I am Egyptian mother ,got a job in Dubai I will arrive on March,have 16 & 13 y kids ,

they learned in French schools in Egypt , they will arrive to Dubai on August 11 after they complete their current year in Egypt.

I need to ask many questions and expect your kind cooperation :

1) can I inrole them in English school because Dubai hasn't French school except lycee George and I tried to contact them by phone and emails butno response.

2)they will arrive on august so what will be the procedures regarding to the required test which always be in April .

3)in case they will not pass the exam due to the Diff style in Egypt and Dubai school ,is it available to accept them and reevaluate them after some times

4)I just want to inrole them in international school where they can gain an accepted curriculum to continue their study in any contry.

Please Advice me

many thanks..... Regards... Rania


----------



## Raniaessa (Feb 22, 2011)

No Body can advice?


----------



## Jynxgirl (Nov 27, 2009)

Sorry I wish I could. I know we have a few french posters so hopefully one of them come along who was in a similar situation.


----------



## Raniaessa (Feb 22, 2011)

Jynxgirl said:


> Sorry I wish I could. I know we have a few french posters so hopefully one of them come along who was in a similar situation.


Thank You.


----------



## Debc_berg (Oct 19, 2010)

Rania - try getting in touch with Wellington International School

GEMS Wellington International School

We moved here in October and my son who is also 16 was enrolled at the end of October without any real problems as they had space for him and after reviewing his standard grade exams and doing a telephone interview with them he started almost straight away. He loves the school, it has really good facilities and the staff there all seem to be great. He is studying an IB program which means that he could continue with his studies at other schools in the world if we were ever to have to move on althought this is not in our plans.

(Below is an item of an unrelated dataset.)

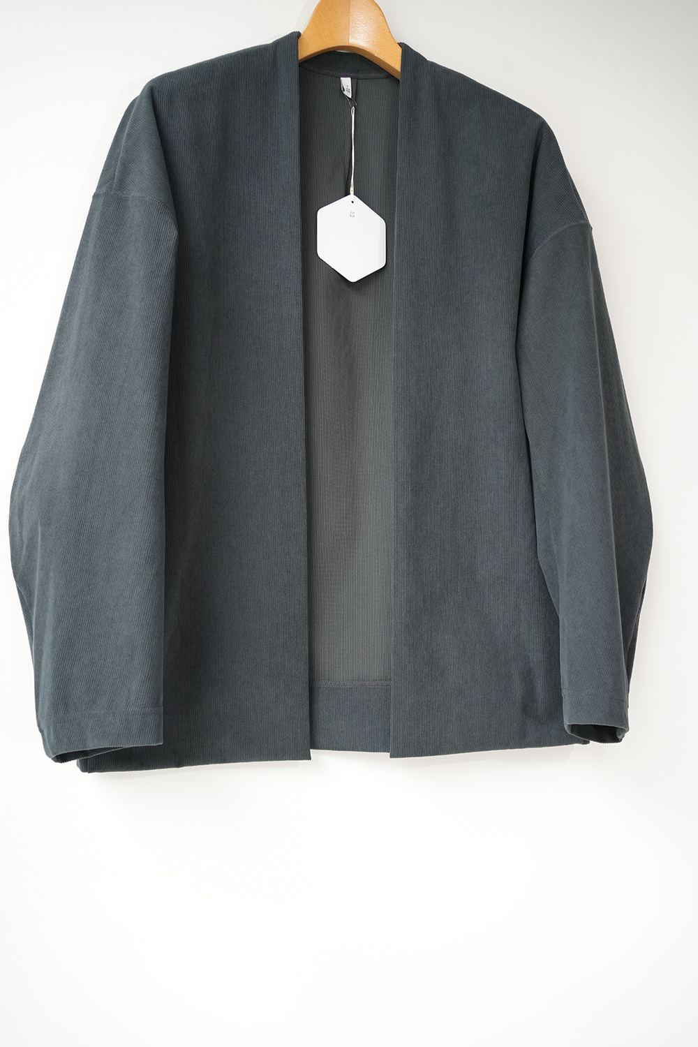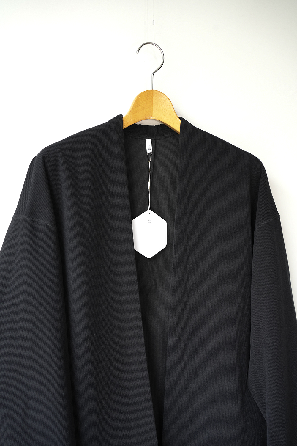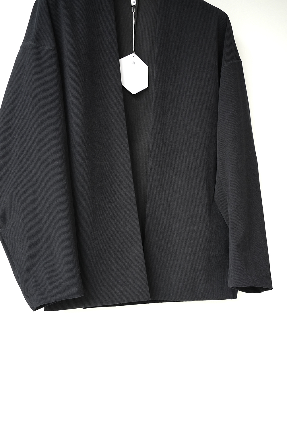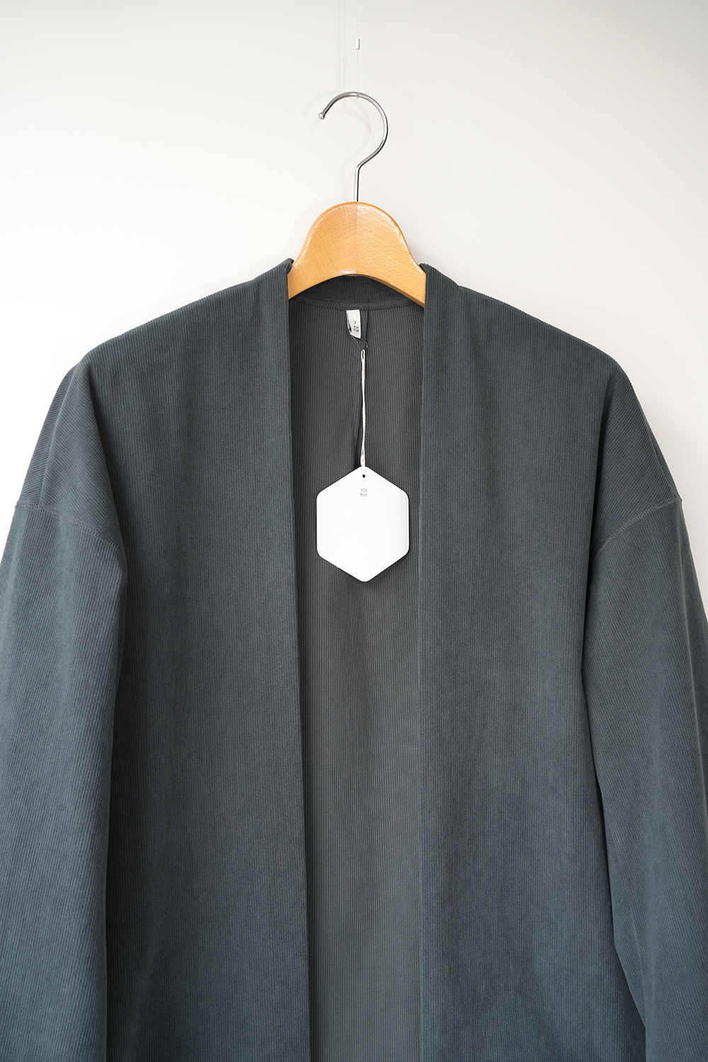 経編みでコーデュロイ表現したポリエステルニット生地。毛羽が抜けず洗濯ケアもイージー、ストレッチ性のあるなめらかな生地。ゆったりサイズ、ボタンレスのカーディガンジャケット。

He has made many friends from all over the world and they seem to provide an excellent environment in which to learn.

Regards
Debra


----------



## Raniaessa (Feb 22, 2011)

Thanks a lot Debra,appreciate your help..I will go through the link..tanks once again.
Regards
Rania


Debc_berg said:


> Rania - try getting in touch with Wellington International School
> 
> GEMS Wellington International School
> 
> ...


----------